Wspólnym mianownikiem opisanych zagadnień jest postępujący charakter zachowań związanych z piciem alkoholu. Granice pomiędzy normalnym modelem jego spożywania a stanem odbiegającym od normy, są płynne i trudne do wychwycenia.

Chcesz o tym porozmawiać?
Coś sprawdzić? Coś zmienić? Zadzwoń teraz 501 646 076


Uzależnienie alkoholowe, które nie budzi wątpliwości

Ja dawno przekroczyłem granicę kontrolowanego picia, a Ty?
Czyli jeżeli jest gorzej lub znacznie gorzej...

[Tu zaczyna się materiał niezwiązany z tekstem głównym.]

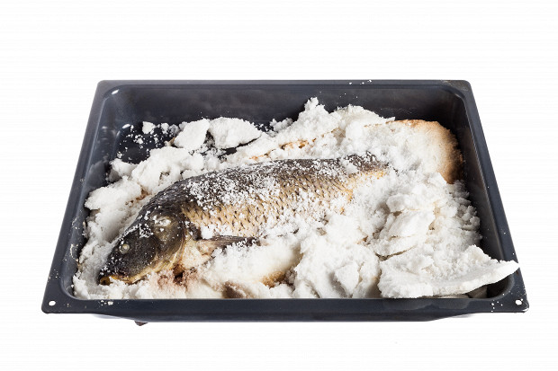 Рецепт с минимумом ингредиентов для самых ленивых. Вернее, это скорее технология, потому что рыбу можно брать любую — главное цельную. Это, может, не слишком нарядно — или даже минималистично, — зато необычно, очень быстро и просто. Минимум усилий — и основное блюдо праздника готово.

Moje picie wyglądało zupełnie inaczej, niż przedstawione wyżej. Piłem od rana i wpadałem w ciągi alkoholowe, klinując po upojnym wieczorze. Piłem w pracy, piłem z butelki. Przeżywałem głody alkoholowe co kilka godzin i całkowicie utraciłem kontrolę nad piciem. Nie wiedziałem kiedy zacznę, ile wypiję i po ilu dniach skończę. Moje przerwy nie przekraczały w najlepszych momentach dwóch tygodni. Tolerancja na alkohol wzrosła niewyobrażalnie. Z czasem praktycznie przestałem mieć kace, bo nie dopuszczałem do tego pijąc kolejne porcje, niezależnie od pory dnia, czy nocy. Badania wątroby przerażały.